Joe Grey smiled. “Of course I do.” Well, the ferals did know, from past encounters, what police work was about. When Willow told him the number he said it over twice, committing it to memory. Now he burned to get to a phone. He said his hasty good-­byes, nudged each cat ­gently and touched noses and promised to return soon.

“Most likely,” Joe said, “a detective will be out to look the scene over, to photograph the tire marks and those footprints back and forth into the woods.”

“What about our pawprints?” Willow said.

Joe thought about that. “They know there are feral cats up here, they think you are one of the wild bands that CatFriends feeds. Charlie has made it clear you are to be left alone, to be protected. They won't be surprised to see pawprints.” He gave Willow a final friendly nudge, spun around and raced back through the woods and across the berm to Ryan, praying she hadn't left.

He found her in the car, sitting quietly. He leaped in. “Thank God you waited.”

“What else would I do? You take off like gangbusters, all riled up. I knew I'd better wait.”

Standing in her lap he snatched up her cell phone and hit the button for the station—­hoping he wouldn't get Evijean.

Of course he got Evijean. “Captain Harper is not . . .” she began with her delaying routine.

“Evijean,” Joe said coldly, “I have the license number the chief is waiting for. If he doesn't get it
now,
pronto,
you'll
never
get a recommendation for another job, no matter where you look—­and believe me, you'll be looking.”

Evijean put him through.

The conversation was brief. Max said, “I'm putting the information out as we speak. We'll see what this gets. Again, many thanks. This could reel in our fish.” And he hung up.
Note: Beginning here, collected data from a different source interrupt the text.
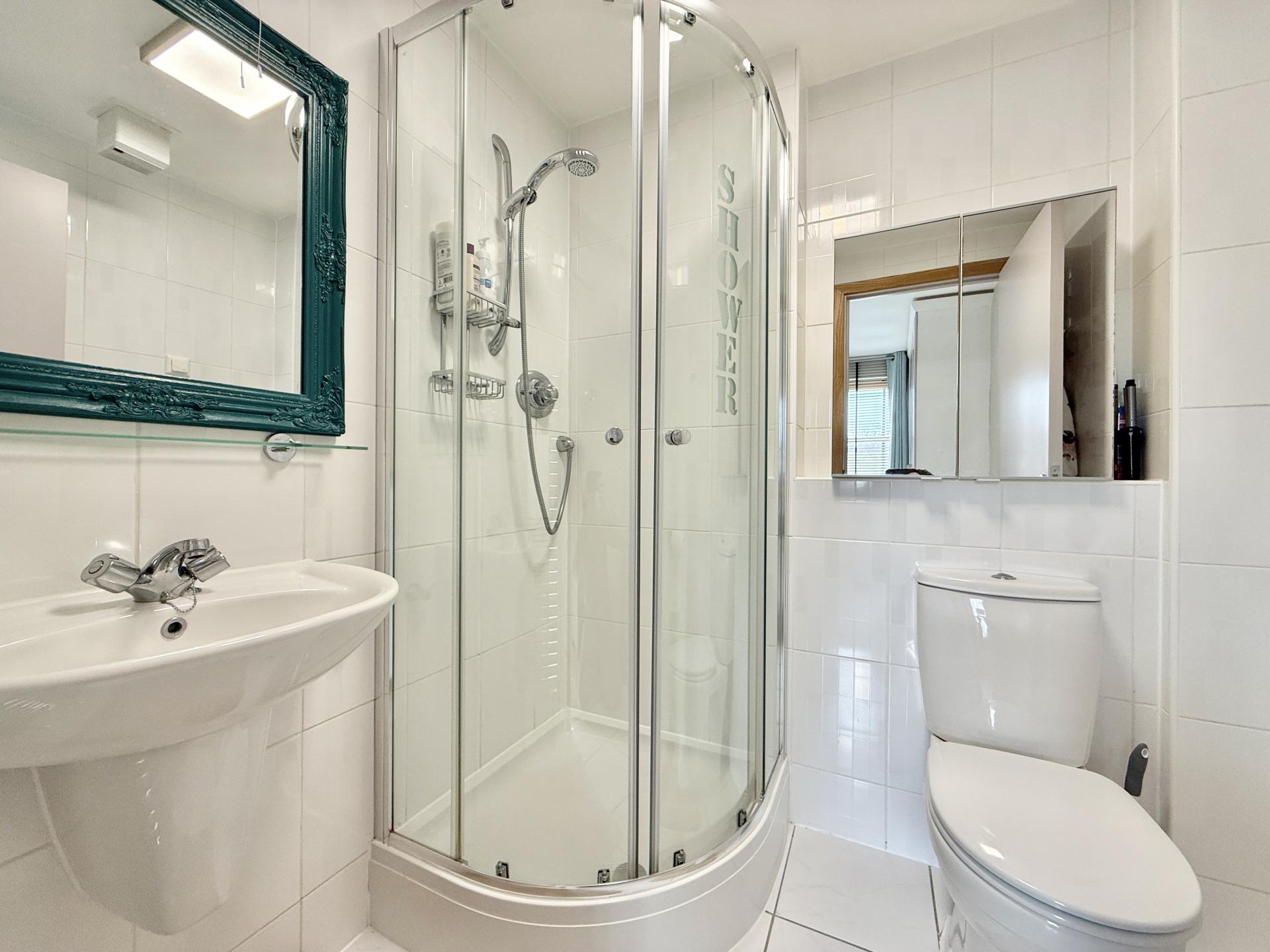 White suite comprising corner shower enclosure with mains shower and glazed doors, low flush w.c, wall mounted wash hand basin with mixer tap and shaver/light over, fully tiled walls and floor, ladder style multi fuel radiator, extractor fan, underfloor heating.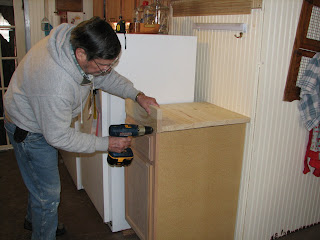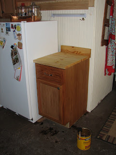 The kitchen cabinets & counter tops: We installed the last cabinet and its counter top. Then I stained the cabinet and sealed the counter top.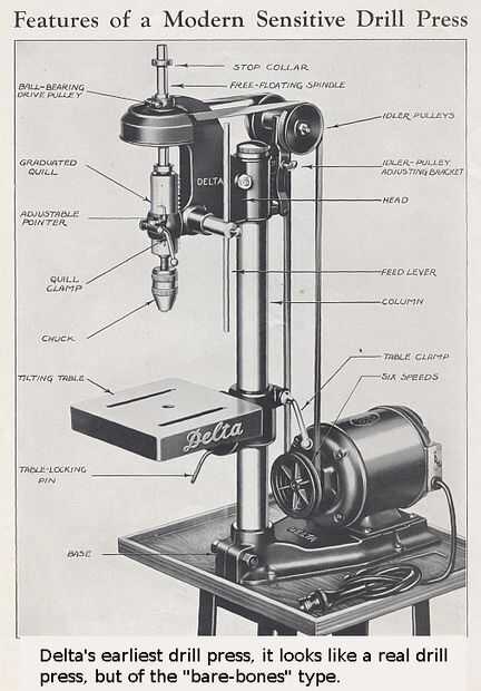 La segunda imagen muestra el arreglo general del taladro estándar a partir de 1931. Algunos tienen partes mucho más que la mía, pero las principales áreas de interés son la condición y la exactitud de la base, el pilar principal (columna), la mesa, el huso, la pluma y el mandril.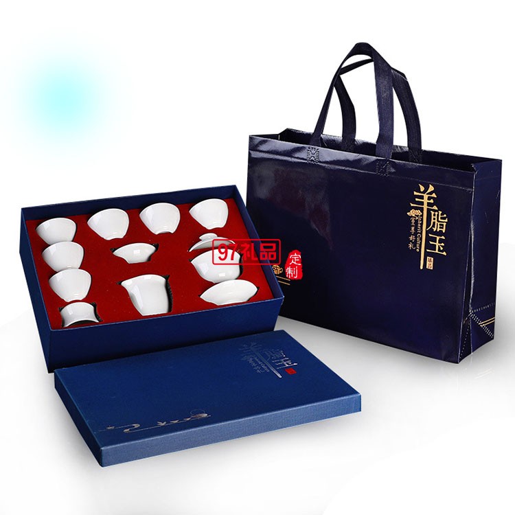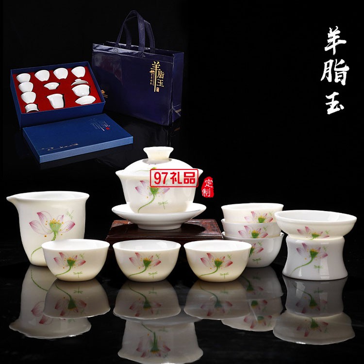 十頭羊脂玉瓷茶具套裝

When Joe ended the call Ryan grinned and caught him up in a hug that, as usual, deeply embarrassed him.

When he explained what the ferals had found, she hugged him again, and he felt her tear dampen his cheek. “Those dear clowder cats. I can't believe they've grown so close to humans—­to care about human problems, to get that information to you.”

She looked at him, frowning. “If you hadn't been here, do you think one of them would have come down into the village to find you? The village, the streets and buildings, seem so threatening to them.”

“You and Kate were here, you're here every day. And Charlie. It was Charlie who sprung that trap for them when one of them was captured, sprung it and crushed it.” Joe looked at her coolly. “They would have come to you,” he said with assurance.

She nodded. “They've helped us, helped the law before. They
do
trust humans. When Sage was so badly hurt by that killer—­when he was so scared—­he put all his trust in John Firetti to help him—­and that was hard,” she said. “Sage was scared to death. But now,” she said, “what made Tekla and Sam turn up in the hills onto that narrow little road instead of hitting the freeway?”

“When they left the rental,” Joe said, “did they see an unmarked surveillance car? Or
thought
they saw one? Or they passed a black-­and-­white cruising, maybe it slowed to watch them?”

She smiled. “Whatever happened, they got nervous. Found a place to hole up until dark,
then
they doubled back to the freeway.” She started the car, glancing down at Joe. “I guess you'll want a ride down to the station, to see how this falls out?”

“I guess I'd like that,” Joe Grey said, twitching a whisker.

“The law will find them now, Joe, with this information. They're sure to stay on the freeways if they want to make any distance.”

“Right. But which freeway?” He thought of the tangle of highways that led out of Molena Point. “Which freeway, Ryan? And heading where?”